AVAILABLE DATA section start
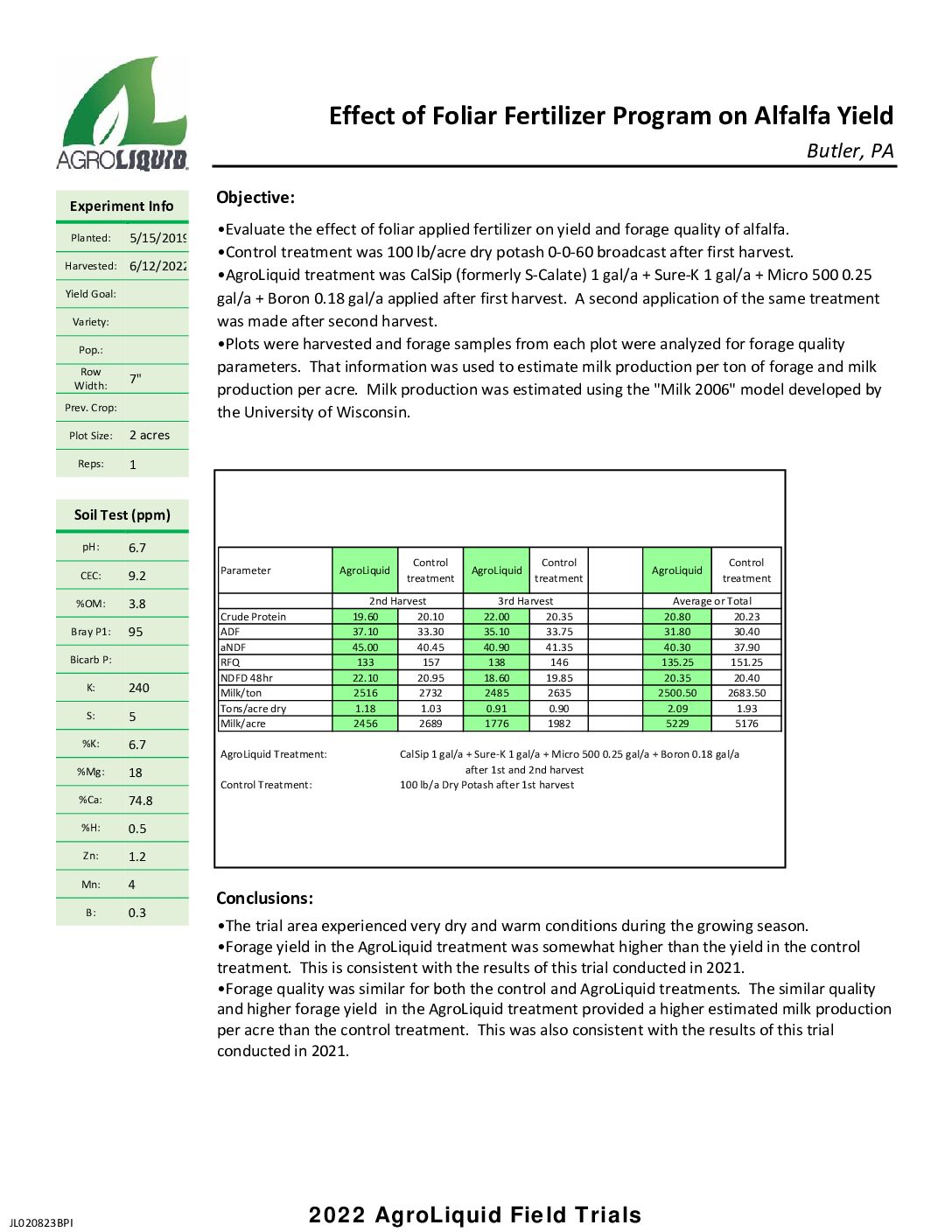 Crops: Alfalfa. States / Provinces: Pennsylvania. Nutrients: Multinutrient and Programs. Years: 2022. Applications: Foliar.
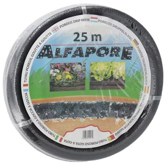 AlfaFlex SL555025 — mangueira porosa de rega por gotejamento Alfapore com 25 metros de comprimento. Uma solução eficiente, económica e amiga do ambiente para a irrigação de flores, plantas, sebes e arbustos. Pode ser instalada à superfície ou enterrada, garantindo uma rega uniforme e controlada. Inclui uniões rápidas compatíveis com sistemas de engate Gardena.
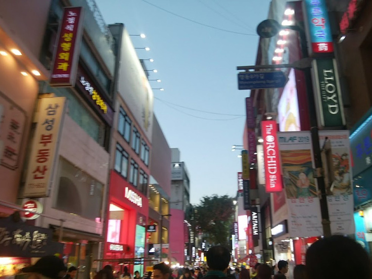 韓国の街並みです。看板はすべてハングル それだけでもドキドキ わくわくしました! 明洞での買い物 楽しかったです!
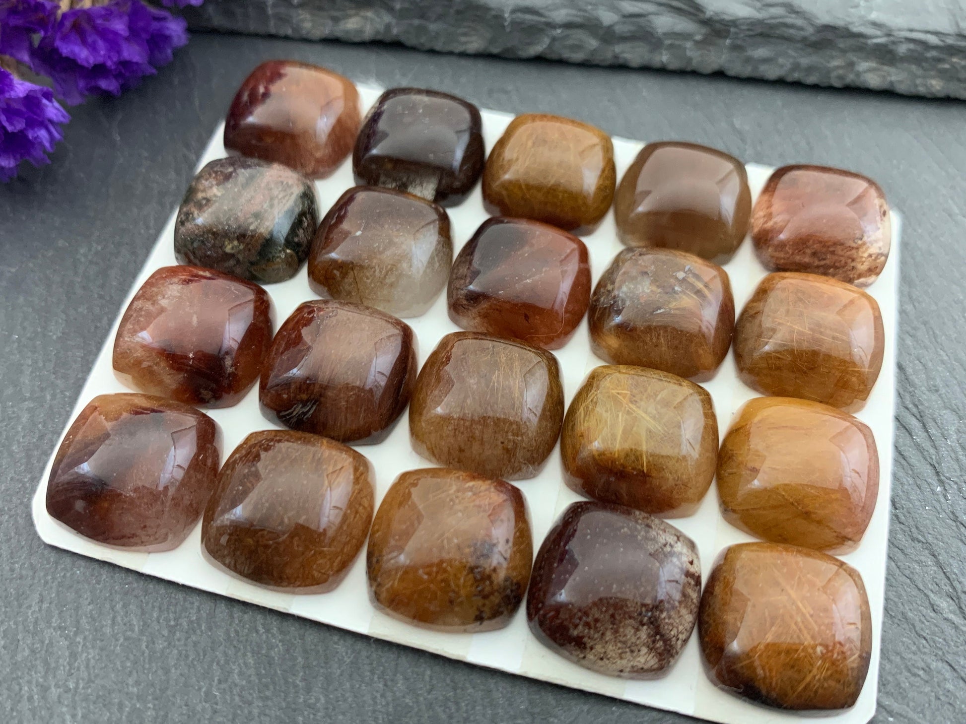 Rutilated Quartz square 15mm cabochon - Calibrated Rutilated Quartz
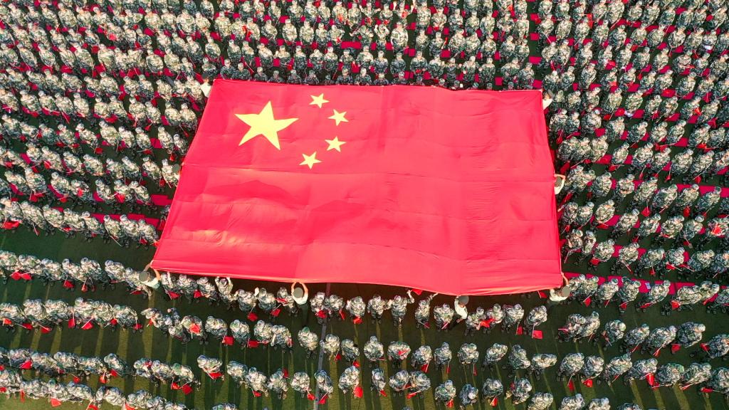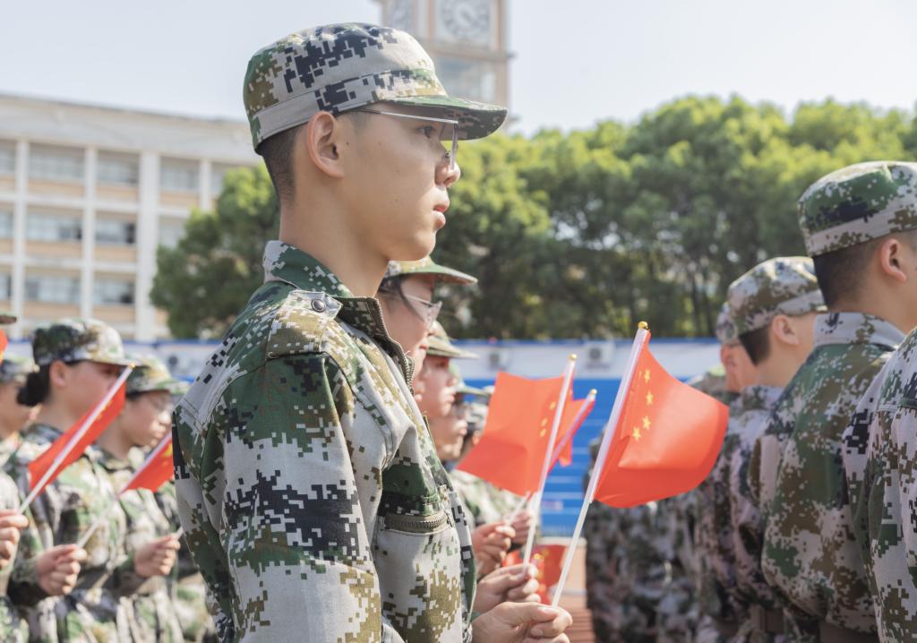 当天下午,数千名军训新生手持国旗,举起展板,变幻出“至善至美”“自立自强”“不忘初心”“砥砺前行”等字样。伴随着《我和我的祖国》激昂的歌声,鲜红的国旗在人群上空缓缓飘过,师生们深情凝望,放声高唱,用青春向祖国表白。
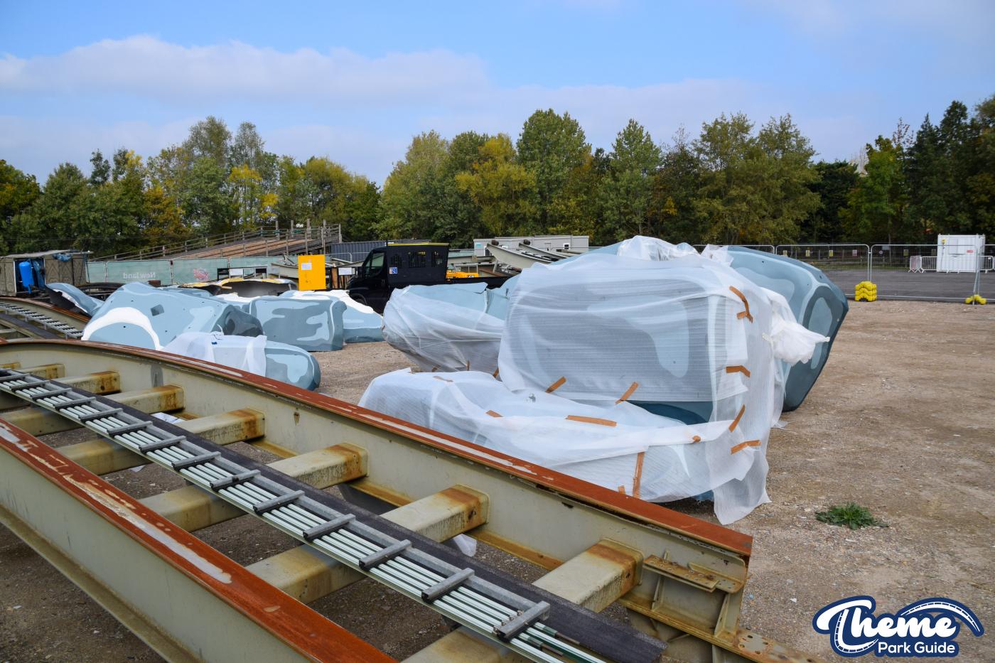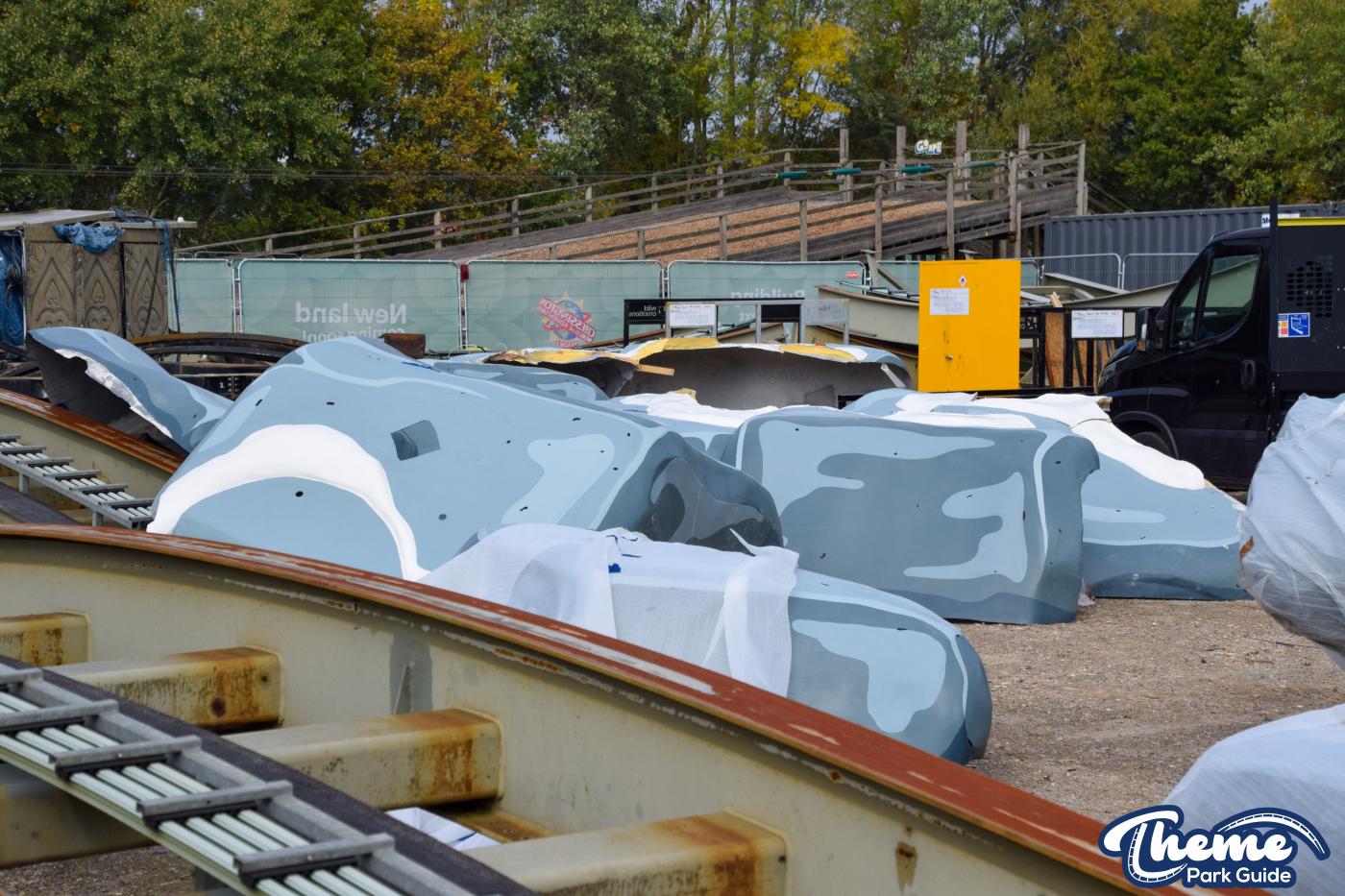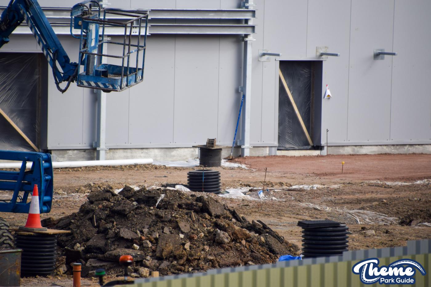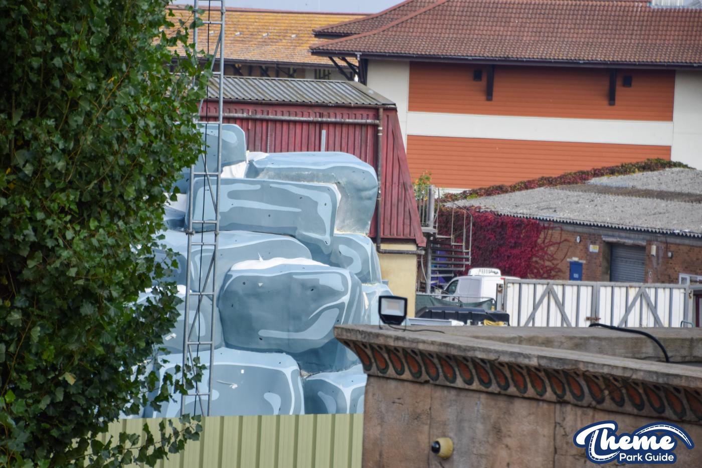 Work has now begun on mapping out the exit paths for the new rollercoaster, offering the first hints at how guests will flow through the area once the ride opens. Theming is also starting to take shape, with large rock mountain structures being installed around the coaster site, signalling the beginning of immersive environmental detailing.
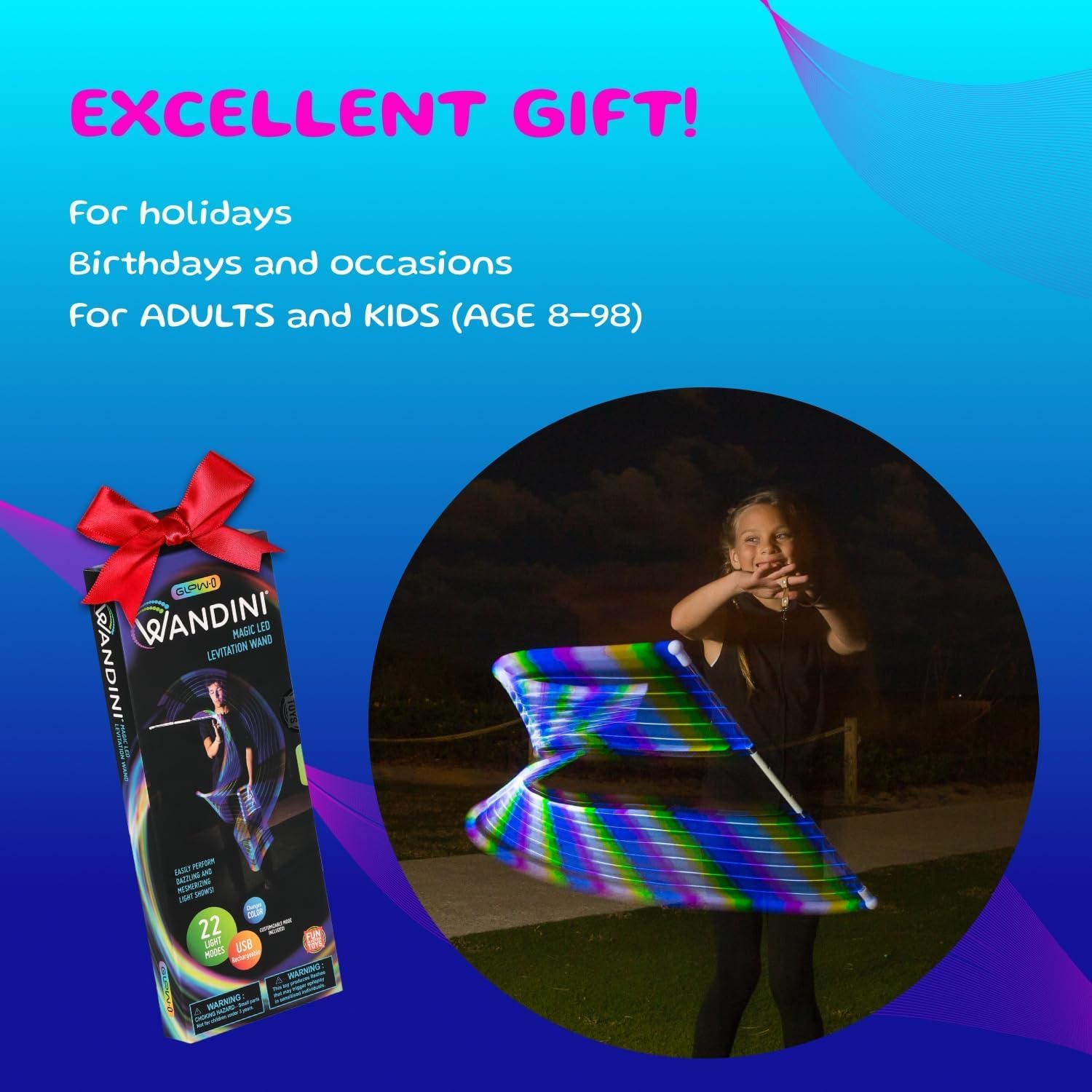 Glow.0 Magic Wand Collapsible LED Levitation Wand – USB Rechargeable Floating Wand – LED Light Wand with 22 Color Light Modes – Patented, Expertly Balanced LED Flow Wand Levitation Stick
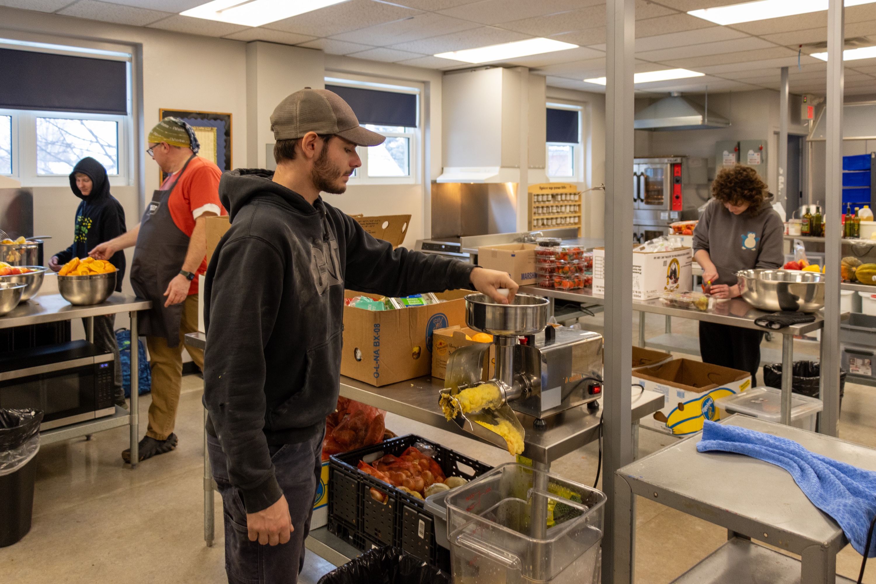 A typical day now includes large-scale food preparation made possible by new specialized equipment, such as professional sauce makers, dehydrators, and freeze-dryers. Students work at six cooking stations to turn fresh produce into hearty meals like shepherd's pie and soup within hours of its arrival from the grocery store. What might have ended up in a landfill becomes lunch for a neighbour.
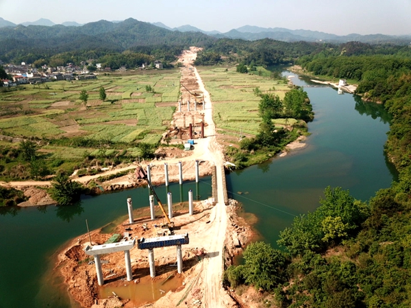 3月25日復興橋下部結構基礎完成,3月31日蓮花山隧道右線削竹式洞門施工完畢,4月4日梁場首片梁板完成澆筑,4月5日路基一隊與二隊清表完成、便道實現(xiàn)貫通,全線路基、隧道、橋梁工程多點發(fā)力,工程建設穩(wěn)步推進。期間,受降雨影響,白洋河橋圩區(qū)遭到破壞,項目黨支部迅速成立應急施工小組,全天駐點搶抓工期,目前白洋河水中墩已全部澆筑完畢,鋼便橋也已經(jīng)完成鋪設,如期完成既定任務,減輕了雨季到來前的施工壓力。
AVAILABLE DATA section end
• _HOW TO COMPLETE THIS TASK_
Print the data above exactly, from its first line to the line bearing "Work has now" inclusive, and keep pictures out of the result.

• _TASK OUTPUT_
 Crops: Alfalfa. States / Provinces: Pennsylvania. Nutrients: Multinutrient and Programs. Years: 2022. Applications: Foliar.
 AlfaFlex SL555025 — mangueira porosa de rega por gotejamento Alfapore com 25 metros de comprimento. Uma solução eficiente, económica e amiga do ambiente para a irrigação de flores, plantas, sebes e arbustos. Pode ser instalada à superfície ou enterrada, garantindo uma rega uniforme e controlada. Inclui uniões rápidas compatíveis com sistemas de engate Gardena.
 韓国の街並みです。看板はすべてハングル それだけでもドキドキ わくわくしました! 明洞での買い物 楽しかったです!
 Rutilated Quartz square 15mm cabochon - Calibrated Rutilated Quartz
 当天下午,数千名军训新生手持国旗,举起展板,变幻出“至善至美”“自立自强”“不忘初心”“砥砺前行”等字样。伴随着《我和我的祖国》激昂的歌声,鲜红的国旗在人群上空缓缓飘过,师生们深情凝望,放声高唱,用青春向祖国表白。
 Work has now begun on mapping out the exit paths for the new rollercoaster, offering the first hints at how guests will flow through the area once the ride opens. Theming is also starting to take shape, with large rock mountain structures being installed around the coaster site, signalling the beginning of immersive environmental detailing.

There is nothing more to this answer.